Note: This is the last article of a 5-part series.

- The previous article: Adventures with Generating Functions IV: Rook Paths
- The first article: Adventures with Generating Functions I: An Infinite Sum

Fifth Adventure: Rook Meanders

Khang Tran
Recall that a Rook path is a sequence of moves of a chess Rook starting at $(0,0)$ and moving right or up at each step, ending at $(m,n)$, where $m$ and $n$ are nonnegative integers.

A rook meander is a sequence of points in the plane starting at $(0,0)$ and ending at $(m,n)$, where each point $(x,y)$ is a pair of nonnegative integers, and at each step, $x$ changes and $|m-x|$ decreases, or $y$ changes and $|n-y|$ decreases. A rook meander represents a path that a chess Rook may take in moving from $(0,0)$ to $(m,n)$, getting closer to the goal square at each step.

For example, $(0,0)$, $(5,0)$, $(5,1)$, $(3,1)$, $(3,6)$, $(3,4)$ is a Rook meander.

This discussion is a series of exercises about Rook meanders.

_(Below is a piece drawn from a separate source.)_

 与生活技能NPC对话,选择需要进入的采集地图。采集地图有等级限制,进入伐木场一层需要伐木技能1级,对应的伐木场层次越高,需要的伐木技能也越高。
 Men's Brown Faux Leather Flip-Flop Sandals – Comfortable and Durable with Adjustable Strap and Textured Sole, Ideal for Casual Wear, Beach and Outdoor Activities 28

**Exercise 1.** Let $a(m,n)$ be the number of Rook meanders from $(0,0)$ to $(m,n)$. It is a good counting problem to obtain the explicit formula
\[
a(m,n)=\left\{
\begin{array}{l}
\sum_{j=1}^m\sum_{k=1}^n\binom{j+k}{j}\binom{m-1}{j-1}\binom{n-1}{k-1}2^{j+k-2},\quad \mbox{for} \; m,n>0\\
3^{m-1}, \quad \mbox{for} \;n=0\\
3^{n-1}, \quad \mbox{for} \;m=0\\
1, \quad \mbox{for} \;m=n=0.
\end{array}
\right.
\]
This produces the following table of values.
\begin{array}{rrrrrr}
1 & 1 & 3 & 9 & 27 & 81\\
1 & 2 & 8 &30 &108 &378 \\
3 & 8 &38 &164 &666 &2592 \\
9 & 30 &164 &794 &3560 &15126 \\
27 & 108 &666 &3560 &17390 &79748 \\
81 & 378 &2592 &15126 &79748 &391538
\end{array}
You may want to check some small values by hand.

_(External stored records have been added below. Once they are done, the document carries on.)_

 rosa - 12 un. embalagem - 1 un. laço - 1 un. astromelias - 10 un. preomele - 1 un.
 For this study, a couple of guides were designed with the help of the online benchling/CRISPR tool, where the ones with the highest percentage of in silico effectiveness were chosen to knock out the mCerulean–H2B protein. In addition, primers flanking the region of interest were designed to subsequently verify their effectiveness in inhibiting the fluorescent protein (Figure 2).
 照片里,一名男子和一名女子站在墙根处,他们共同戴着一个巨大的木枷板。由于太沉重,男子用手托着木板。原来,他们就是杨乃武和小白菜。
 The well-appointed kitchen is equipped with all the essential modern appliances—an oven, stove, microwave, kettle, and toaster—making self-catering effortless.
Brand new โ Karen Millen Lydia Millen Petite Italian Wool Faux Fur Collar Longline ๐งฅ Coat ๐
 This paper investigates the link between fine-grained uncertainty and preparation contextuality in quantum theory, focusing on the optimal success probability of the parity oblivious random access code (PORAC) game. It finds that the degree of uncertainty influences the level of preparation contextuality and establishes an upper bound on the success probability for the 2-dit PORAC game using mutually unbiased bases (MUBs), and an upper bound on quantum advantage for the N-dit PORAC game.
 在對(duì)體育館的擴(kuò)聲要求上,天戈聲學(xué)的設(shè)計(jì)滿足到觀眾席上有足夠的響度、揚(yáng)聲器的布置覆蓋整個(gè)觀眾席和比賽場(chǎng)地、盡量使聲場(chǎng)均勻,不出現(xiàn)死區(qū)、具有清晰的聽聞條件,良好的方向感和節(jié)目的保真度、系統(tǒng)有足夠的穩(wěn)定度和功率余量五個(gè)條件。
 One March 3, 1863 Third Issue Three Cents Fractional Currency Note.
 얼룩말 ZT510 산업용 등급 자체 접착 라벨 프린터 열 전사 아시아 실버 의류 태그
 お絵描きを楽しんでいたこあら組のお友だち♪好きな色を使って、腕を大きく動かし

We next observe a recurrence relation. Let $a(n)$ be the number of meander paths from $0$ to $n$ for the $1$-dimensional Rook. We will show the recurrence \[ a(n)=2\sum_{k=1}^{n-1}a(k)+a(0) \] by forming two meander paths to $n$ from a meander path to $k$, for $1\le k < n$.

The first path is obtained by shifting the $j$-th cell, where $k+1\le j\le(2k-1),$ to the $(j+2n-2k)$-th cell and adding a final move from $k$ to $n$. Let $i$ be the current location of the Rook in the path to $k$. If $i < k$, the next step to $k$ is $j$, where $i < j < 2k-i$. The corresponding step to $n$ is from $i$ to $j$, where $i < j\le k$ or $2n-k< j< 2n-i$. If $i > k$, we apply the same argument by interchanging $i$ and $2k-i$ in the range for $j$. Since $|n-j| < |n-i|$ in either case, we obtain a path to $n$ whose final step is from $k$ to $n$.

Conversely, suppose we have a path to $n$ whose final step is from $k$ to $n$. Due to the final step, the $j$-th cell, where $k < j \le 2n-k$, will not appear in the path to $n$. Thus we can remove the final step and shift the $(j+2n-2k)$-th cell, $k+1\le j \le (2k-1)$, back to the $j$-th cell to obtain a path to $k$.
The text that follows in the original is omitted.